Extreme jumpcut cinema, making a dubby hash of its would-be monologues. Strobey, glitchy, overlapping audio and video, cutting against any sort of rhythm, like an Autechre album of a movie. Video, and videos of video. Much of what audio survives is soft-spoken poetry and college students having deep discussions about economic theory. Once I realized this wasn’t going to come together for me as a narrative, I wondered if it might’ve been a Begotten thing, where he made a film of his friends and relationship problems and it didn’t come out well so he destroyed it. But then, it was one of Cinema Scope’s top ten of 2015, so there must be more to it.
… each relationship available to the cinema must be rebuilt; nothing will be taken for granted within the frame. If there are narratives, they will not be simply given and accepted; they will appear as the product of careful study of the relations of the world, which Medina examines and expresses through the logic of rhythms.
It’s not just a restless critic reading too much into a semi-documentary Begotten breakbeat – in the interview, Medina is full of references and philosophy on the nature of his cinema, so I think I was too tired and undervalued the thing. They’re both mentioning the Lumiere brothers, who also come up in Dawson City and In The Intense Now.
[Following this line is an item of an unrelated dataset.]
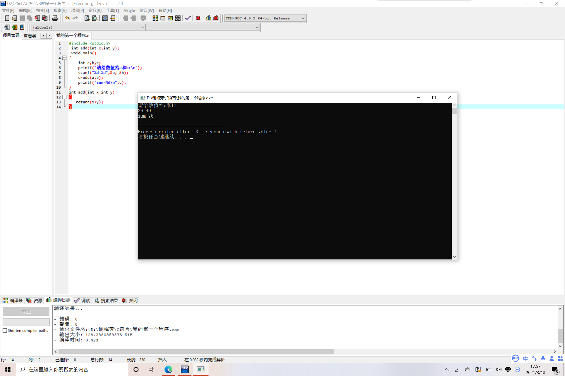 <2>因为现在初接触C语言,感觉有点吃力,但也挺有趣的。

I cannot quote from the interview, because if I was too tired then to get what the film was going for, I’m definitely too tired now to get what these two are on about. I liked Michael Sicinski’s explanation of the thing:
There are fragments of an ostensible narrative. Or perhaps it is better to say, there are figures whose affect and experiences we observe across the running time of Medina’s film. They bob in and out of our view—a coterie of young Filipino-Canadian friends and lovers, given to creativity and anger and philosophizing and confusion. But 88:88 does not adhere to any given point of view. It hangs out, but in a jittery, caffeinated way, holding onto present moments without deadening them into connective tissue, mere “moving-towards.” Or, if there is a point of view, it’s that of “the digital image,” which is indiscriminate and regards a private breakdown with the same impassive fascination it affords greenish-yellow light through a treetop.